3 in the printing direction. In this embodiment as well, the armature 43 is formed by the conical coil spring 34.
The driving torque of T ₄ is large. Also, plunger 4
4 and the core 42 face each other over a wide area, the outer periphery of the plunger 44 is fitted into the magnetic body 40, and the magnetic body 40 contacts the case 39 over a wide area. Therefore, the cross-sectional area of the magnetic path is large.

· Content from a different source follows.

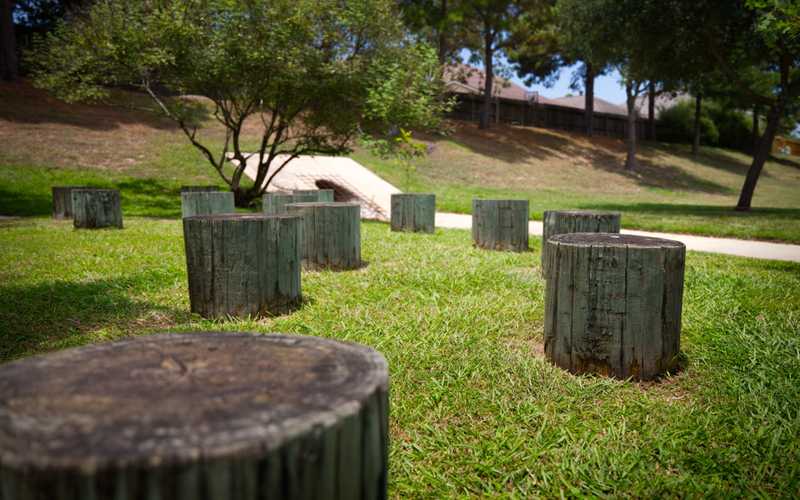 Amenities like this outdoor “stump playground” allow nearby McRoberts Elementary and other organizations to have outdoor classes in a comfortable outdoor setting.

Effects of the Invention Since the present invention is constructed as described above, the cross-sectional area of the magnetic path can be increased to increase the attraction torque of the armature due to the magnetic force of the permanent magnet, and the characteristics of the conical coil spring can be used to move the armature in the printing direction. The driving torque can be increased as it approaches the suction torque, and the moment of inertia of the armature can be reduced by rotating the armature around a fulcrum located at a fixed position near the core. Therefore, the movement of the armature in the printing direction and the return direction can be made extremely fast, and as a result, the time for energizing the coil can be shortened and power can be saved. This has the effect that even when blank printing is performed by blocking the printing with a stopper, the armature can be quickly restored.

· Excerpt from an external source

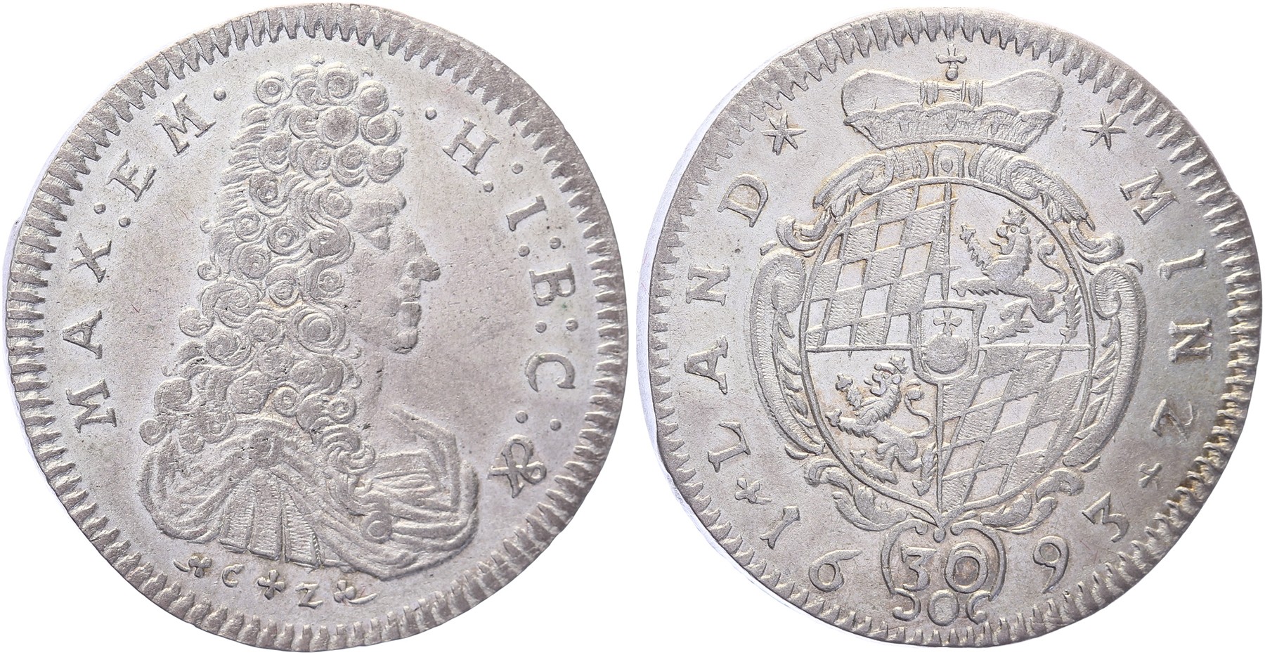 30 Kreuzer (Gulden) 1693. Hahn 195; KM 356. Vorzüglich.

[Brief explanation of drawings]

Fig. 1 is a longitudinal side view showing one conventional example, Fig. 2 is a graph showing the change in the attraction torque by the permanent magnet and the driving torque by the leaf spring, and Figs. 3 and 4 show other conventional examples. FIG. 5 is a graph showing changes in the attraction torque by the permanent magnet and the driving torque by the leaf spring; FIG. 6 is a longitudinal side view showing the first embodiment of the present invention; FIG. 7
8 and 8 are graphs showing changes in the attraction torque by the permanent magnet and the driving torque by the conical coil spring, and FIG. 9 is a longitudinal sectional side view showing a second embodiment of the present invention. 18... Permanent magnet, 19... Core, 20... Coil, 22... Attraction surface, 25... Amature, 2
6...Fully point, 34...Conical coil spring, 4
2...Core, 43...Amateur, 45...Fulcrum.

Claims (1)

[Scope of Claims] 1. An armature is provided so as to be able to rise and fall freely around a fulcrum located near the attraction surface of the core, and a permanent magnet is provided in a magnetic circuit to attract the armature to the attraction surface, and an excitation action causes the armature to move up and down. A release type dot printer head, characterized in that a coil for releasing the armature from the magnetic flux of the permanent magnet is attached to the core, and the armature is biased in the printing direction by a conical coil spring. 2. An armature is provided to be able to rise and fall freely around a fulcrum located near the attraction surface of the core, a permanent magnet is provided in the magnetic circuit that attracts the armature to the attraction surface, and an excitation action causes the armature to be attached to the permanent magnet. A release type characterized in that a coil for releasing from magnetic flux is attached to the core, the armature is biased in the printing direction by a conical coil spring, and a stopper is provided for preventing excessive movement of the armature in the printing direction. Dot printer head.